For example, the first language model is a mandarin language model, a user uses mandarin language interaction, and directly outputs a conversation result when an online default language model synchronization instruction sent by the client is not received, for example, the first language model is a mandarin language model, the user uses cantonese speech interaction, and the user is asked whether to switch languages when the online default language model synchronization instruction sent by the client is not received and a single mandarin language model cannot accurately identify the audio of the user.
In the scheme of this embodiment, the processing result obtained after the subsequent processing is performed on the recognition result is output by not receiving the online default language model synchronization instruction sent by the client, so that the user can be prompted to switch languages when the recognition is successful and the dialog result is output or the recognition is failed.
In the method in the foregoing embodiment, after the determining whether the second single language model in the online default language model synchronization instruction is consistent with the current first single language model of the server, the method further includes:
and if the second single language model is consistent with the first single language model, outputting the conversation result.
For example, the first language model is a mandarin model, and the online default language model synchronization command received from the client is also the mandarin model, and the conversation result is output.
It should be noted that, although the above embodiments adopt numbers with definite precedence order such as step 101 and step 102 to define the precedence order of the steps, in an actual application scenario, some steps may be executed in parallel, and the precedence order of some steps is also not defined by the numbers, and this application is not limited herein and is not described herein again.
The following description is provided to enable those skilled in the art to better understand the present disclosure by describing some of the problems encountered by the inventors in implementing the present disclosure and by describing one particular embodiment of the finally identified solution.

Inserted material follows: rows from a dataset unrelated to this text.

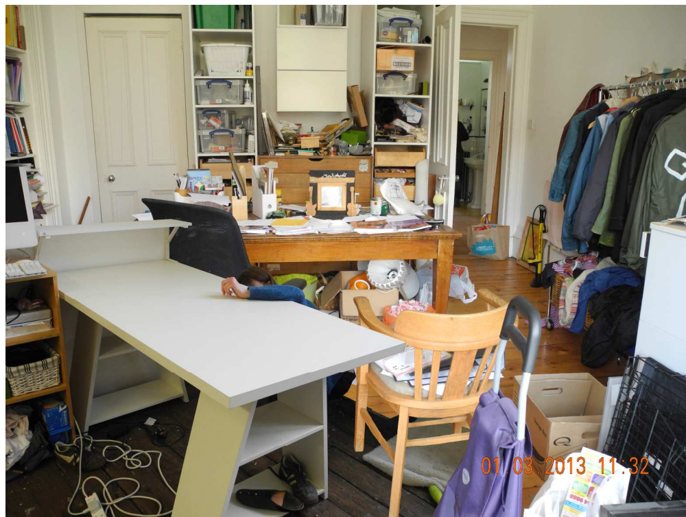
Figure 4: Tables and Toby [digital photo-collage] created by the author

1 2 3 4 5 6 7 8 9 10 11 12 13 14 15 16 17 18 19 20 21 22 23 24 25 26 27 28 29 30 31 32 33 34 35 36 37 38 39 40 41 42 43 44 45 46 47 48 49 50 51 52 53 54 55 56 57 58 59 60
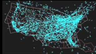
Air Traffic Control
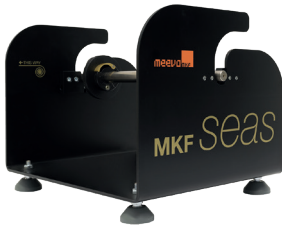
A. Reel Holder
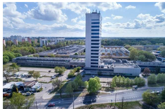
Photo: CeMat complex, Wólczyńska 133, Warsaw, Poland

The CeMat buildings are accommodated by warehouse, production, office and social space constructed mainly in the 1980s.

The inventors discovered the defects of these similar techniques in the process of implementing the present invention:
in most ASR systems, different languages (dialects) are considered independently, and an AcousTIc Model (AM) is typically trained from scratch for each language. Thereby resulting in applications that support only monolingual interactions. Due to different application scenarios, there is an increasing demand for intelligent applications of multiple languages, such as: ticket buying systems and consultation systems of subway stations, autonomous registration systems of hospitals, etc., so that a hybrid recognition model appears, however, training of this model introduces the following problems. First, training an AM from scratch requires a large amount of manually labeled data, which is not only expensive, but also takes a lot of time to acquire. This also results in a considerable difference in the quality of the acoustic model between rich and poor-featured languages. This is because for starved languages only small models of low complexity can be estimated. The large amount of labeled training data is also an inevitable bottleneck for those languages that are low in traffic and newly published and difficult to obtain a large amount of representative corpora. Second, to achieve the same recognition rate, a hybrid language model is trained significantly more often than a monolingual language model.
The inventors have found in the course of carrying out the invention why the reason is not easily imaginable:
hybrid language models are often employed to enable applications to support multilingual speech interactions. But the use of hybrid language models is expensive, resulting in a low prevalence rate.
The scheme is that a multilingual voice interaction method for switching language models is realized by means of a Dialogue User Interface (DUI) of the company.
Firstly, the scheme trains a single language model at a server side, and locally uses a mixed language model of language switching command words; secondly, the client uses the mixed language model to perform voice recognition, and judges whether the command word is a language switching command word according to a recognition result. If the voice interaction is carried out by the default single language model, the voice interaction is carried out by switching the appointed single language model. According to the scheme, the voice recognition is carried out by using the mixed model and the single language model for switching the language command words, and then the semantic processing and the dialogue management are carried out, so that not only is the expensive cost reduced, but also the stability is ensured.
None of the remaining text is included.